Input data >>
----

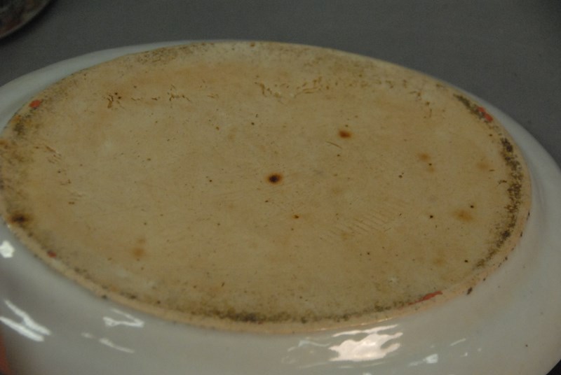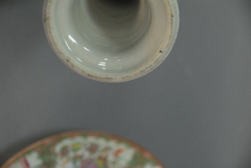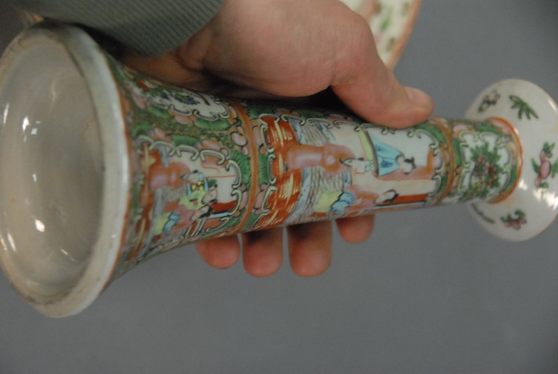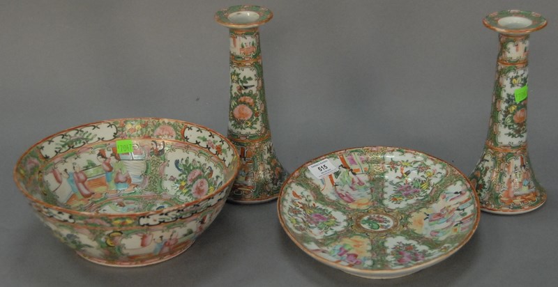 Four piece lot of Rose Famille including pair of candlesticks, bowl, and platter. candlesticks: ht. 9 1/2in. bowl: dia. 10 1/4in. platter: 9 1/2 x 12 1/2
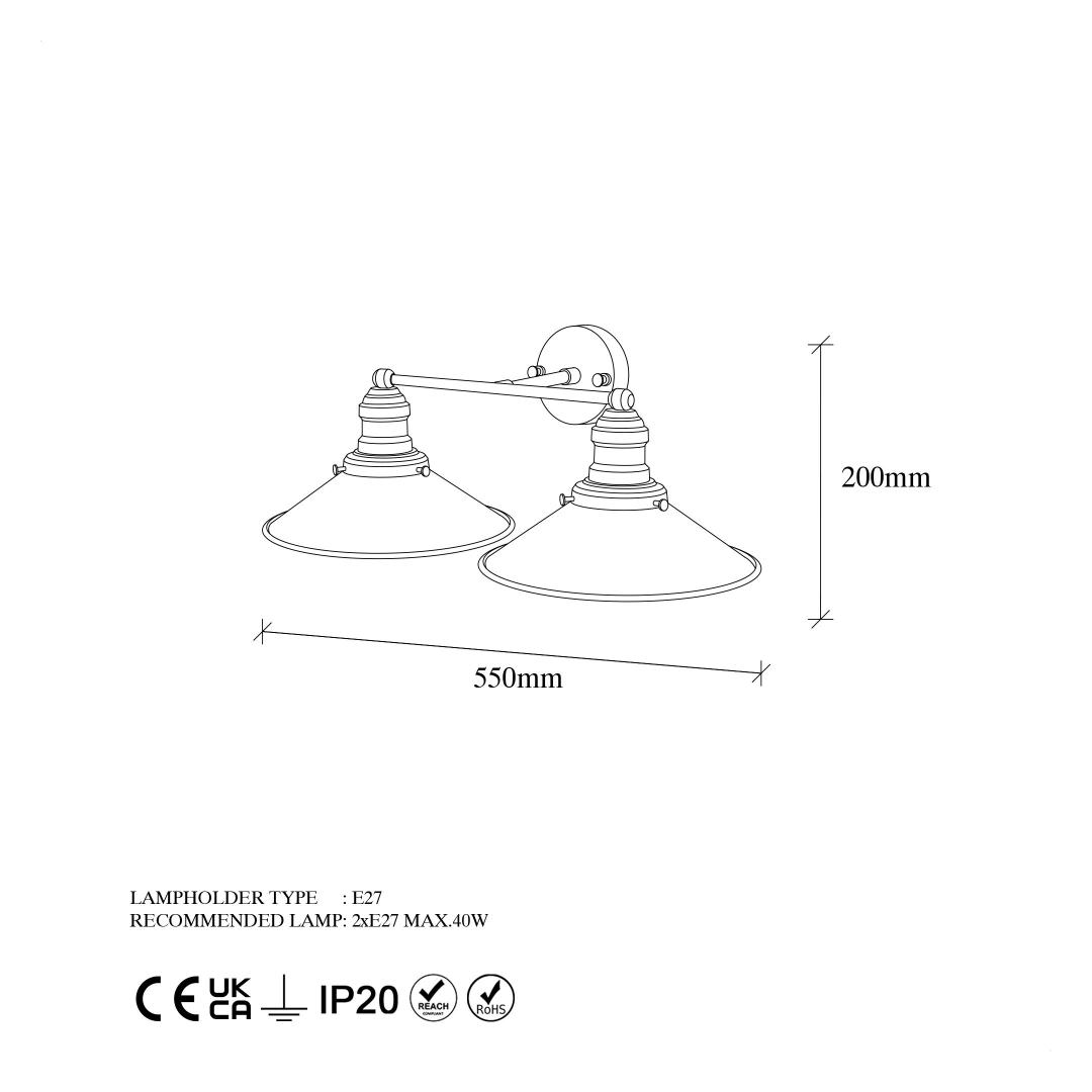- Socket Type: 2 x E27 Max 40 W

----

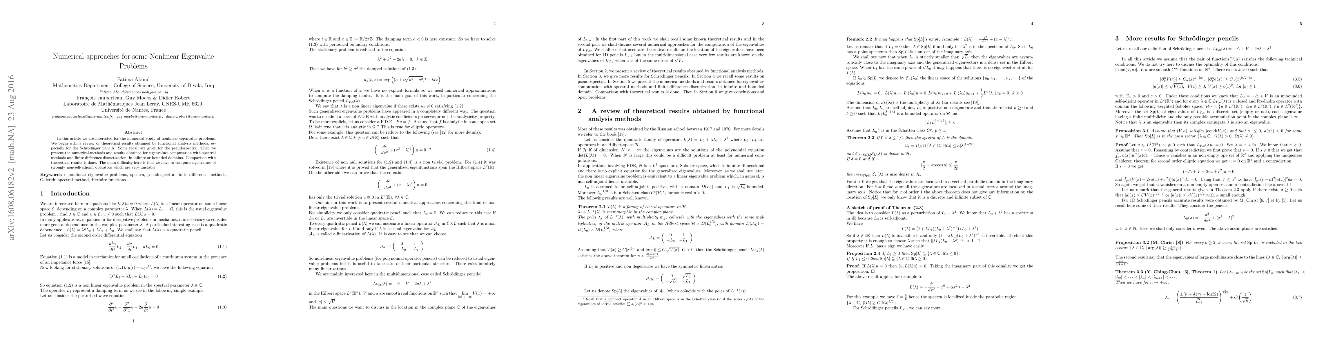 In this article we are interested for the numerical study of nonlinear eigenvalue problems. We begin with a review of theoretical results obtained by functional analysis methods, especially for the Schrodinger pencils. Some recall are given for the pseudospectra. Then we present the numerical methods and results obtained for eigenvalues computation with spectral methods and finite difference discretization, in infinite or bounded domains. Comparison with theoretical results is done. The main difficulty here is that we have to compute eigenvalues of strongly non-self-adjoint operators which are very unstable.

----

What to work on >> Give back exactly, and solely, the section of the data above bounded by the line containing "Four piece lot" and the line containing "- Socket Type: 2 x E27 Max 40 W", both bounding lines included and pictures omitted.

Task response >>
 Four piece lot of Rose Famille including pair of candlesticks, bowl, and platter. candlesticks: ht. 9 1/2in. bowl: dia. 10 1/4in. platter: 9 1/2 x 12 1/2
- Socket Type: 2 x E27 Max 40 W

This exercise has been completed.